*What the task asks*. Nothing but the lines from the one with "13 de Maio recorda" through the end of the data should be set down, each exactly as written, and no picture should be included.

*Data listing*.
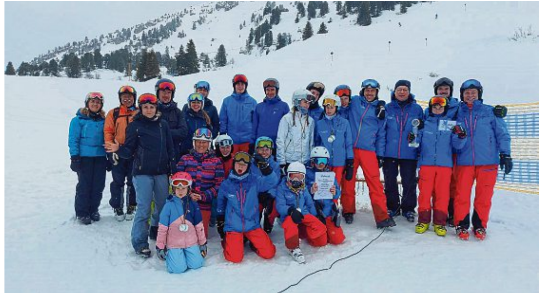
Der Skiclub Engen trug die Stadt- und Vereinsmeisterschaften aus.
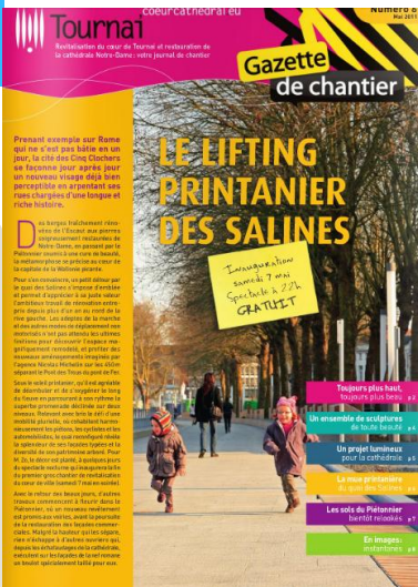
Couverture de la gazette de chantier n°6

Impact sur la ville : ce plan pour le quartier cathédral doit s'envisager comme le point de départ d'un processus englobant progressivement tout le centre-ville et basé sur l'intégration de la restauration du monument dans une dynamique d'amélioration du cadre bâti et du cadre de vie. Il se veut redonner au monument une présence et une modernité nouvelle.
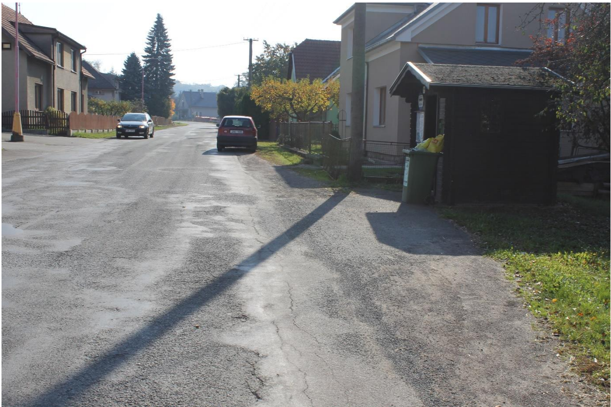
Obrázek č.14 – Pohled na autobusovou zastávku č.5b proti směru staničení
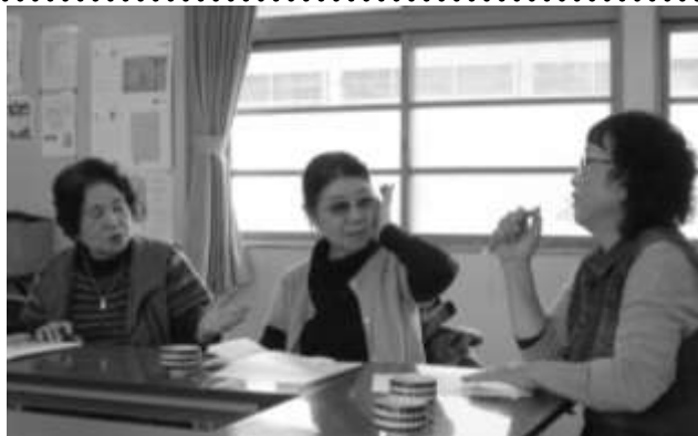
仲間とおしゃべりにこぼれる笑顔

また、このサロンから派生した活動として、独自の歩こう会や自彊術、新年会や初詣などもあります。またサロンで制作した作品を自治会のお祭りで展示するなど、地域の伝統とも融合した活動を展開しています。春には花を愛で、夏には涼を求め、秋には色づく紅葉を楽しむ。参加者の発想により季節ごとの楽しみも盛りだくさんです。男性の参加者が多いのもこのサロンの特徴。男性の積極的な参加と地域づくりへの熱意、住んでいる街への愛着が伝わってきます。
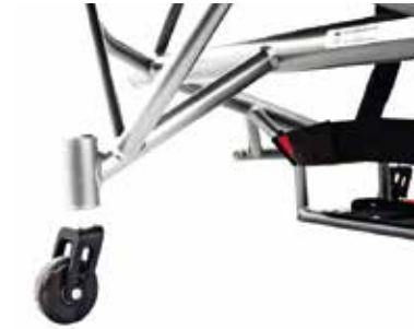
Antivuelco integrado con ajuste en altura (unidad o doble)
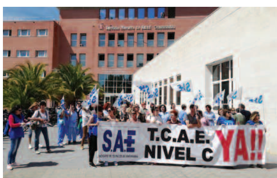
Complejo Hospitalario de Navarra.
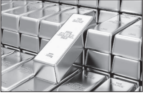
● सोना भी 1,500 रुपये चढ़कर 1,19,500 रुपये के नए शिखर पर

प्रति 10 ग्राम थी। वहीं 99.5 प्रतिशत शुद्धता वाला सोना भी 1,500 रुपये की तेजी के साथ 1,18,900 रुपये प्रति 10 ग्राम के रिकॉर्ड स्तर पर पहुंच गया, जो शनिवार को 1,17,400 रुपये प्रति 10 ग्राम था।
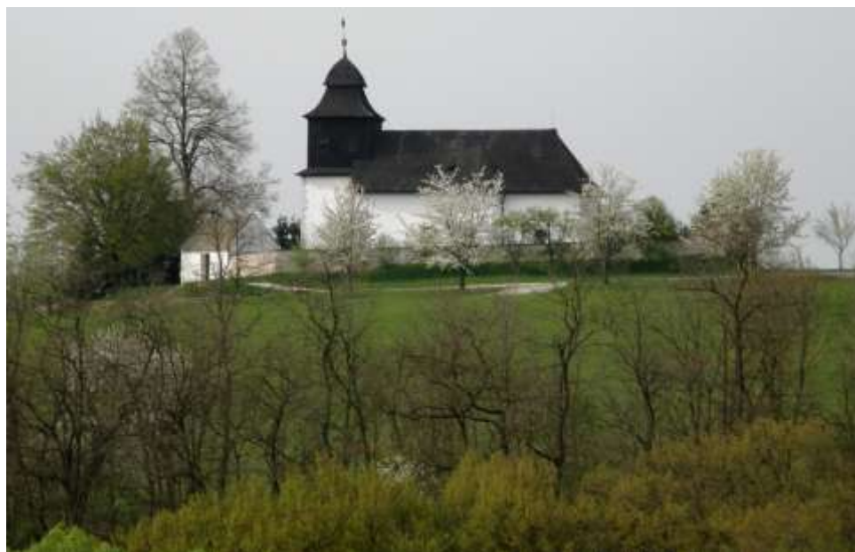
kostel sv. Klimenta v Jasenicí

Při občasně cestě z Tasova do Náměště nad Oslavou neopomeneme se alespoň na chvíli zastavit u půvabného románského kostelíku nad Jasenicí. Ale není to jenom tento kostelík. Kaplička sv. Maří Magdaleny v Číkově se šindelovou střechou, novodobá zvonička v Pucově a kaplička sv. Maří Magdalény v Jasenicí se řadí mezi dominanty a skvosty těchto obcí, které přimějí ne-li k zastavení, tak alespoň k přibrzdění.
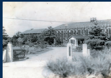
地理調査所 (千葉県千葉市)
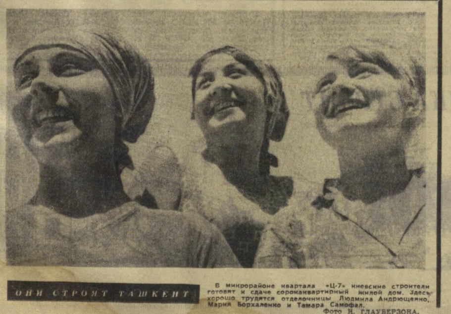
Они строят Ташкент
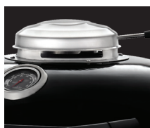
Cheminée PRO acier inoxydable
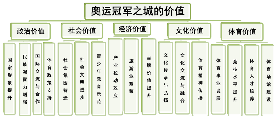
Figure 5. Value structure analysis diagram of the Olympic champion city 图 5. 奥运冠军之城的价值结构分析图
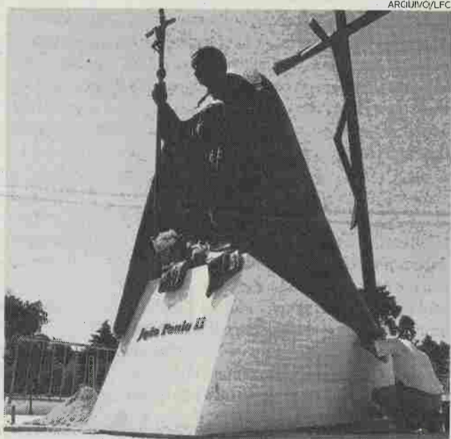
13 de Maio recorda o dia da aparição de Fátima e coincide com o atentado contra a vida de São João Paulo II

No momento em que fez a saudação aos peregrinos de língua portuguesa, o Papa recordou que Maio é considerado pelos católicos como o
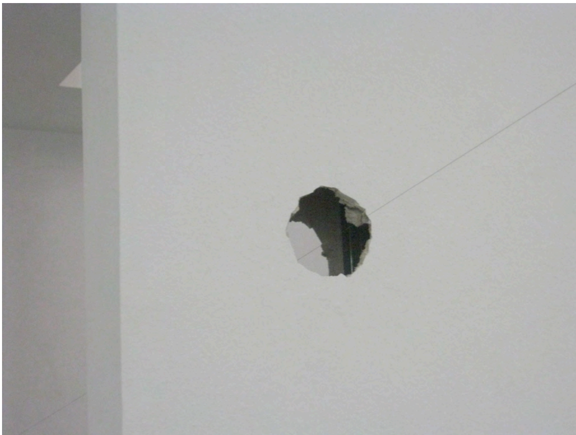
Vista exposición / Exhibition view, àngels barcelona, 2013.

*Result*.
13 de Maio recorda o dia da aparição de Fátima e coincide com o atentado contra a vida de São João Paulo II

No momento em que fez a saudação aos peregrinos de língua portuguesa, o Papa recordou que Maio é considerado pelos católicos como o
Vista exposición / Exhibition view, àngels barcelona, 2013.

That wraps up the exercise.